Aliás, São Paulo tem visto e ouvido Paulo com alguma constância – ao menos nos palcos de concerto. A última ópera que cantou no Brasil foi La Traviata, com direção de Jorge Takla, em 2018, no Municipal, mas a Osesp o recebe com frequência: foi seu artista residente em 2019 e abriu a temporada 2024 como um dos solistas da Missa em dó Maior de Beethoven, entre outras aparições na Sala São Paulo.

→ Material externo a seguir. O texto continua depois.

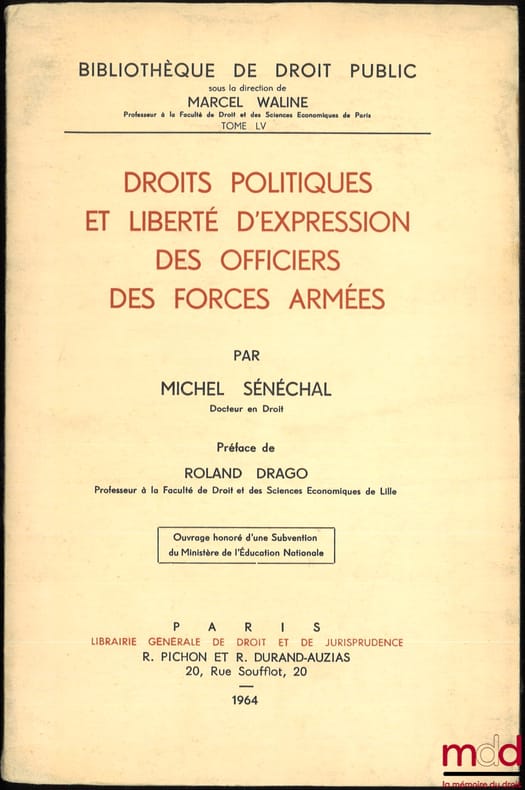 , Paris, L.G.D.J. 1964, in-8, br., non coupé, ENVOI DE L’AUTEUR AU PROFESSEUR FRANÇOIS LEROY, (couv. légt salie), III-321p.

No Rio, há muitos anos não se apresenta. “E eu ia fazer Simon Boccanegra no Festival Amazonas desse ano, que foi cancelado, uma enorme tristeza.”
Entre os planos desse ano estão ainda uma Carmen em concerto com a Sinfônica de Detroit e um Otelo com Roberto Alagna em Porto Rico. “Cantamos uma Bohème em 2022 e vamos repetir o encontro.”
Mas o projeto mais aguardado de 2024 para o barítono, ao que parece, é o reencontro do elenco de South Pacific, marcado para 9 de dezembro. “Vamos fazer em forma de concerto no mesmo palco, o Vivien Beaumont, no Lincoln Center, e depois o Met Opera vai oferecer um jantar. Vai ser muito emocionante.”
Paulo faz 55 anos dia 7 de julho com a voz “velvet-like” (como já foi classificada) em grande forma e com a bela figura em dia. “Manter a desenvoltura vocal exige constante treino”, diz. “Vocalises diários, bom sono e hidratação. Mas, acima de tudo, respeitar meu corpo como um todo. Hoje em dia canto alguns papéis de Verdi, alguns do verismo, mas nunca abandono a canção e Mozart.” O que vem ainda por aí? “Não sei sobre o futuro, eu geralmente espero chegar a proposta e avalio. Mas saber se determinado papel encaixa bem na voz, é só fazendo no palco mesmo.”